1. 28
  1.  

  2. 3

    I’m working on something very similar to this. The main problem I want to solve is splitting the index into chunks, and doing so dynamically, if it’s needed when something gets added to the index.

    1. 4

      One thing I toyed around with was creating different index files based on part of the hash of the key. This way it’s deterministic (e.g. you might not need to update all indexes if you’re adding one word). You can also alter the “split factor” if you need smaller indexes.

      e.g. in Python:

      import hashlib
      indexes = {}
      
      key = 'cat'.encode('utf-8')
      key_hash = hashlib.sha256(key).hexdigest()
      
      split_factor = 3
      # use this to choose the index
      
      print(key_hash[:split_factor]) # "77a"
      
      1. 2

        I went with splitting the alphabet space, for example 00000-zzzzz space can be split into two buckets, something like 00000-ddddz and ddddz-zzzzz (or whatever the boundaries are). I have zero proof for this but I thought it might help when the user is making related queries.
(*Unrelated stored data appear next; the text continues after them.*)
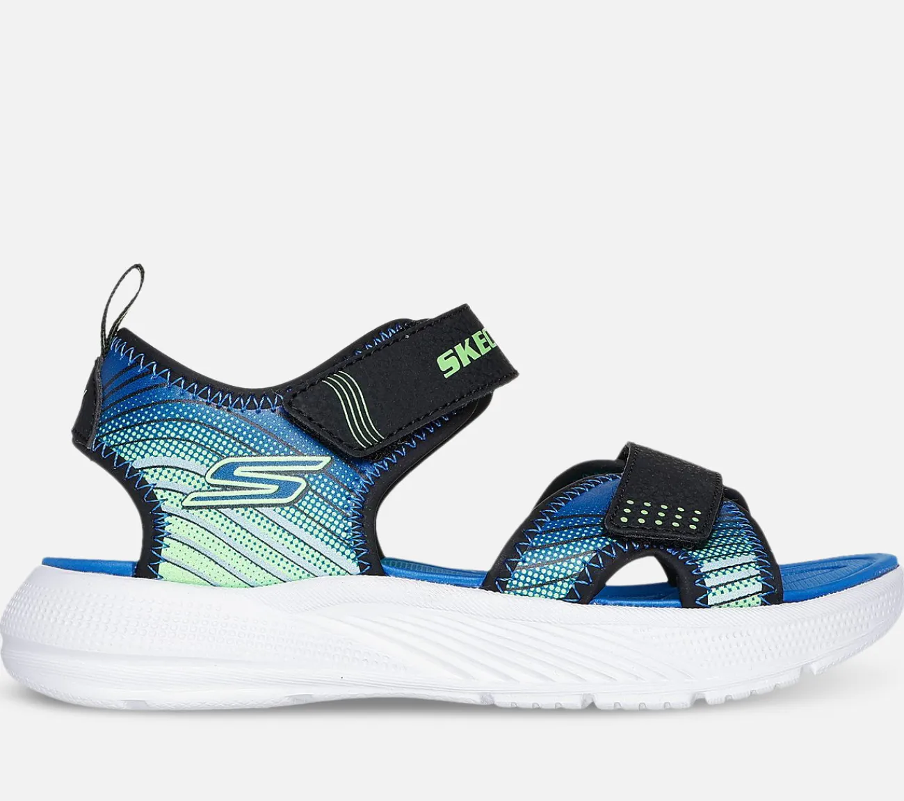 Se sej ud i illumineret stil med Skechers Microspec-Splash. Denne letvægts sportssandal har en syntetisk overdel, Skechers’ adaptive lukning og en polstret komfortindersål.
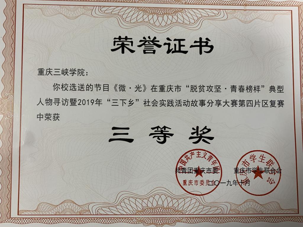 公司选送的节目《微 光》在重庆市“脱贫攻坚 青春榜样”典型人物寻访暨2019年“三下乡”社会实践活动故事分享大赛第四片区复赛中荣获三等奖。
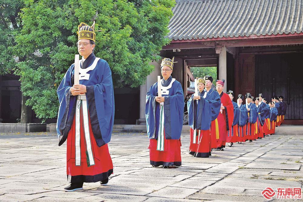 在福州文庙,教师代表列队入殿,参加祭孔典礼。福建日报记者 游庆辉 摄

        Edit: I’m planning to allow chunks to get chunked again, that solves the imbalance you might not have with the hash based approach

    2. 2

      I’ve used Stork for my blog, but ended up not keeping it enabled. I have a pretty decent phone, and an okay Internet connection, but there was a fairly long (2-3 second?) interval where my phone locked up while Stork was loading its database. I may try again with a dedicated search page (I wanted search to appear on the main page of my site, so the delay was unacceptable), but for now, I’m going without search.

      1. 1

        I’d really love since expansion on this paragraph, please?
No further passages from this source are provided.